Pokoknya kacau. Proses itu jadi lebih mirip eksorsisme daripada pengambilan darah. Sejak itu, ia ogah kesana. Lebih memilih menelan 10 pil obat daripada disuntik. Apapun selain itu deh, ia rela. Sayang, demamnya yang kali ini pun tidak bisa disembuhkan hanya dengan obat. Harus ke rumah sakit lagi. Dengan kemungkinan disuntik lagi. Argh ... rasanya Haechan mau mendaki gunung tertinggi lalu melompat dari sana. Sepertinya itu jauh lebih baik.
Apa boleh buat, ibu sudah memberi titah. Dan kalau sudah begitu, ya tidak bisa membantah. Apalagi ia menugaskan Hyanggi一saudari kembar yang sama sekali tidak mirip dengannya一untuk mendampingi. Katanya sih supaya tidak kabur.
Haechan jadi tidak bisa berkutik.
Ia duduk cemberut di kursi belakang, dengan kepala yang sedikit berkeringat. Pusing. Tapi ia yakin itu sebagian besar disebabkan oleh rencana ke rumah sakit, bukannya demam. Sementara itu, di depan, mengemudi dalam kecepatan sedang, Hyanggi menyelipkan rambutnya ke belakang telinga, lalu menyeringai. "Siap disuntik, kak?"

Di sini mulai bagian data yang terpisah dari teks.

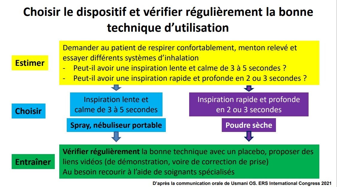 Le choix de l’inhalateur dépend surtout des capacités et de la préférence du patient (fig. 2). Il est essentiel de lui fournir les instructions et de démontrer comment réaliser correctement une inhalation, ainsi que de contrôler à chaque visite que le patient conserve une bonne technique de prise (oubli +++). On peut s’appuyer sur des vidéos sur internet (des systèmes d’IA pour suivre la bonne utilisation sont en développement). Les erreurs techniques sont très fréquentes : expiration incomplète après inhalation, pas d’apnée avant expiration post-inhalation…
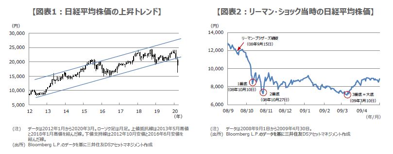一般に、株価は下落局面で何度か安値を更新するケースが多くみられます。参考までに、リーマン・ショック当時の日経平均株価は、約6カ月かけて3番底までつけ、ようやく大底を打ちました(図表2)。単純に今回と比較することは難しいのですが、少なくとも二番底をつけるシナリオは、一応想定しておく必要があると考えます。
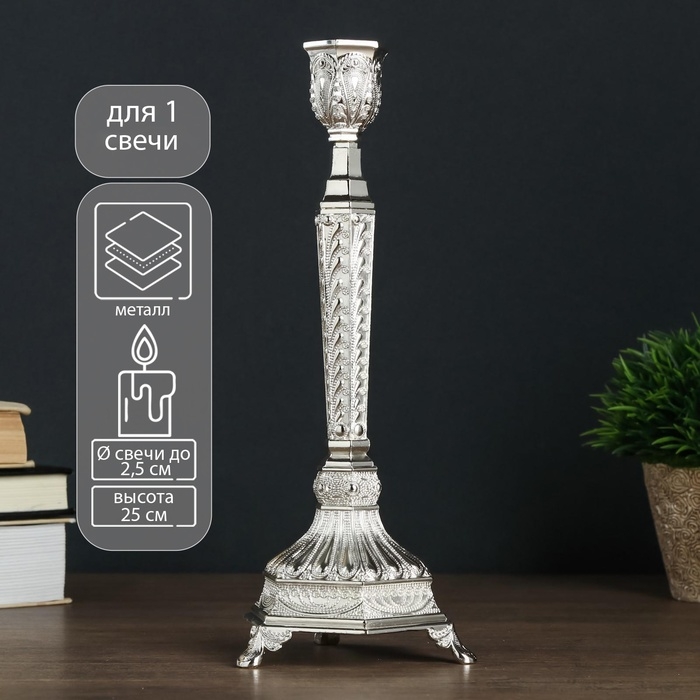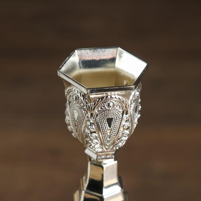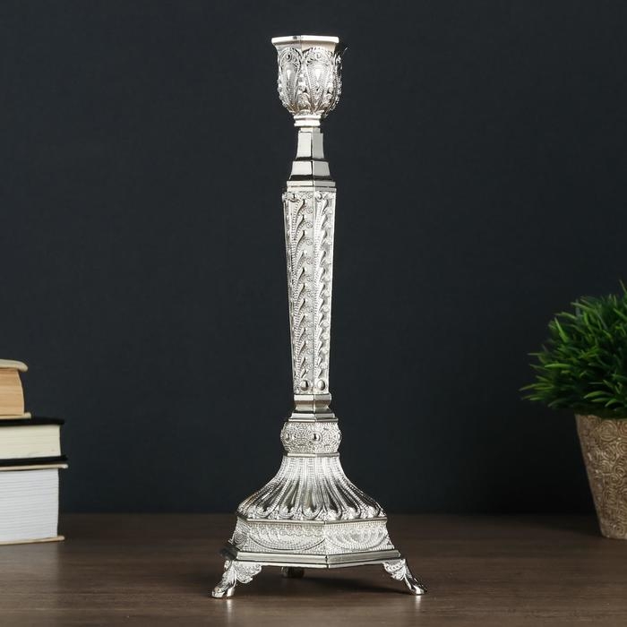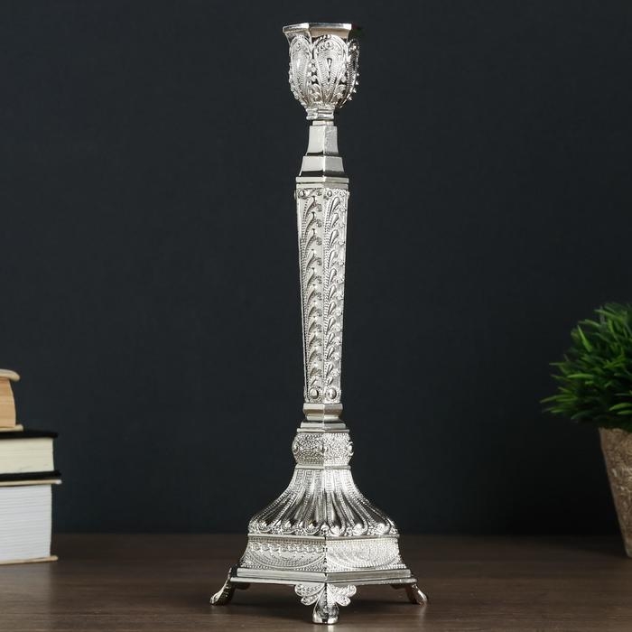 Подсвечник металл на 1 свечу "Узорный" серебро 25х10х9,5 см
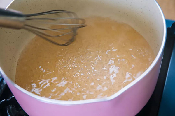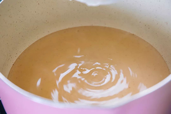 9、趁熱將30g白涼(liáng)粉液加入到椰汁湯中攪勻。
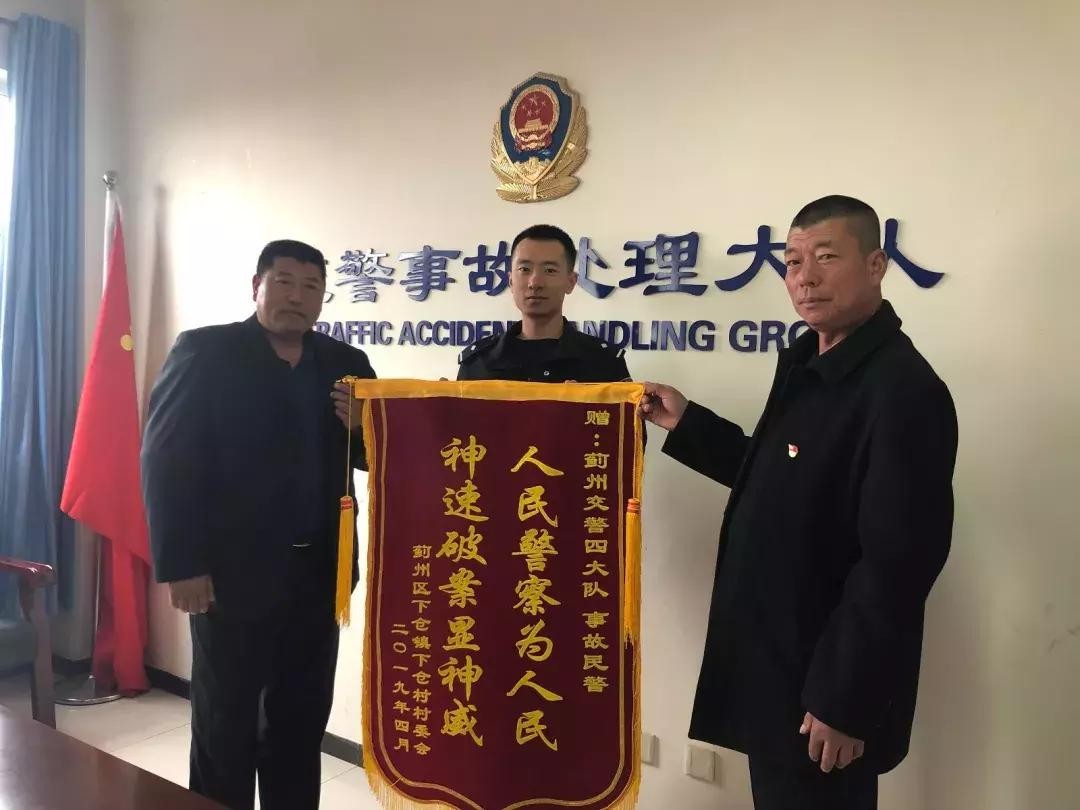 这是我第一次获得锦旗,也是我有史以来破获肇事逃逸案子速度最快的一次,从下午六点报案到将肇事车辆查获仅用了两个小时。下仓村党支部书记特意送来锦旗一面表达对我们的感谢。从警一年的时间,第一次获得如此荣誉,内心是满满的自豪感。
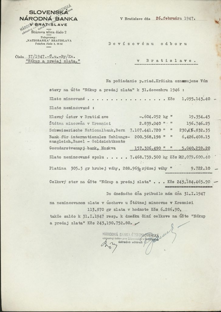 Po vojne bolo menové zlato Slovenskej národnej banky deponované vo Švajčiarsku odovzdané Národnej banke československej. Na rozdiel od československého menového zlata, ktorého sa v roku 1939 zmocnilo Nemecko a ktoré bolo po vojne zadržiavané Spojenými štátmi americkými až do roku 1982, zlato bývalej Slovenskej národnej banky bolo od roku 1946 voľne disponovateľné, pričom časť z neho Národná banka československá využila ako zálohu na nákup strategických tovarov a strojov.
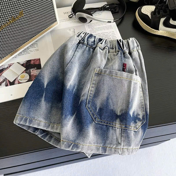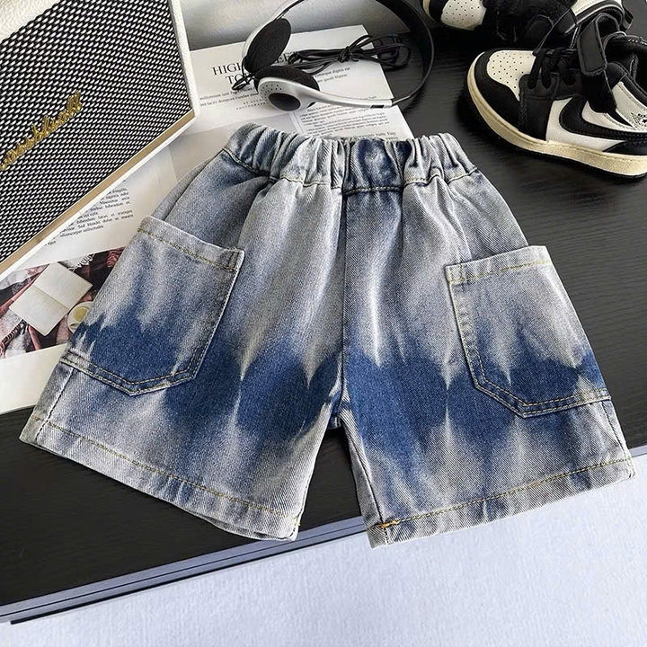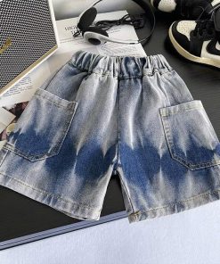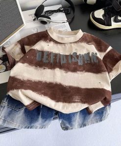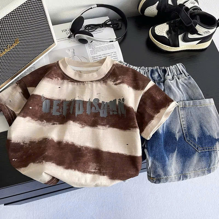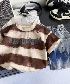 Set Áo Thun Tay Ngắn Sọc In Chữ Quần Đùi Denim 1-5 Tuổi Dành Cho Bé Trai
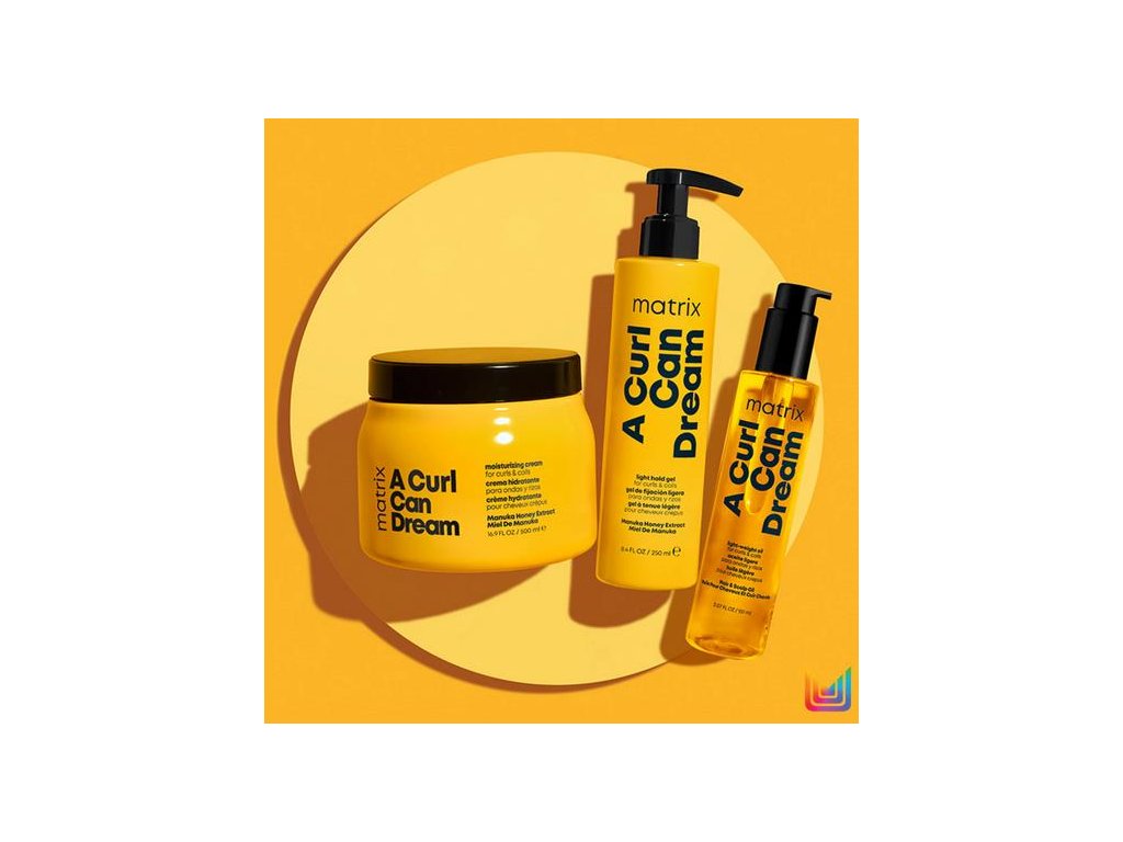 Zvýrazněte tvar svých vlnitých a kudrnatých vlasů pomocí hydratačního stylingového krému Matrix A Curl Can Dream Moisturizing Cream! Tento vyjímečný bezoplachový krém vlasové vlákno hydratuje, definuje a umožňuje vytvářet styling bez efektu slepení či ztuhnutí. Výtažek z manukového medu díky svému přirozeně zvlhčujícímu účinku pak dodává ještě více vlhkosti bez nežádoucího zatížení. Krém neobsahuje silikony, parabeny, minerální oleje, petrolatum ani parafíny.
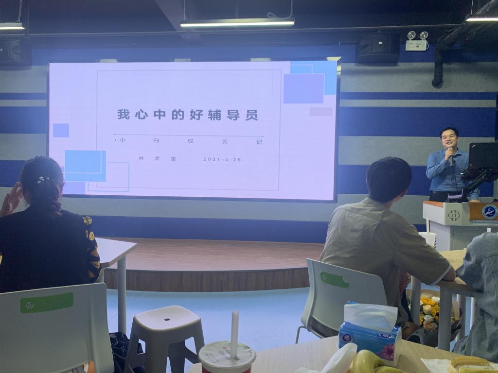 化学与环境工程学院辅导员林梦雷以“我心中的好辅导员—小白成长记”为题分享了自己作为一名辅导员成长道路上的心路历程,诙谐但不乏真情实感地讲述了自己用真诚的关心获得学生信任的故事。
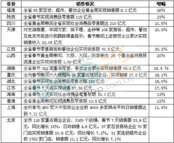 据商务部监测,大年三十至正月初六,零售商场和餐饮企业实现销售额4045亿元,同比增长19%。以下是联商网编辑整理的2011年全国部分省市兔年春节销售情况以及增幅比较。

Haechan melotot, menendang kursi yang diduduki oleh saudarinya itu dengan keras. "Diam."
Hyanggi terkekeh, kelihatan mirip tokoh antagonis dalam drama yang bahagia setelah menjalankan rencana jahatnya. Menakuti Haechan, tidak salah lagi, adalah hal lucu baginya. "Berani, dong! Laki-laki apaan tuh yang takut sama jarum? Aku malu jadi kembaranmu. Dasar pe-nge-cut. Cuih!"
Telinga haechan memerah. Fobia jarum suntik memang tidak keren, tapi itu kan bukan sesuatu yang bisa dikendalikan. Dan lagipula, ya ampun, siapa sih yang suka disuntik? Mungkin hanya pecandu narkoba saja. Dan Haechan jelas bukan salah satunya. Ia anak baik一kadang-kadang sih. "Masih mending. Setidaknya aku nggak pernah jerit-jerit waktu lihat stiker kecoa di tutup mesin cuci."
Kesalahan besar.
Haechan sudah menyinggung topik yang keliru. Ingatan Hyanggi kuat, dan dia masih ingat peristiwa itu dengan jelas一bagaimana Haechan menertawakannya, dan berlindung di balik punggung ibu saat ia akan memukulnya menggunakan panci. Hyanggi dendam. Dia belum sempat membalasnya. Merasa ada kesempatan, gadis itu melepas sepatunya lalu melempar dengan sekuat tenaga ke kepala Haechan.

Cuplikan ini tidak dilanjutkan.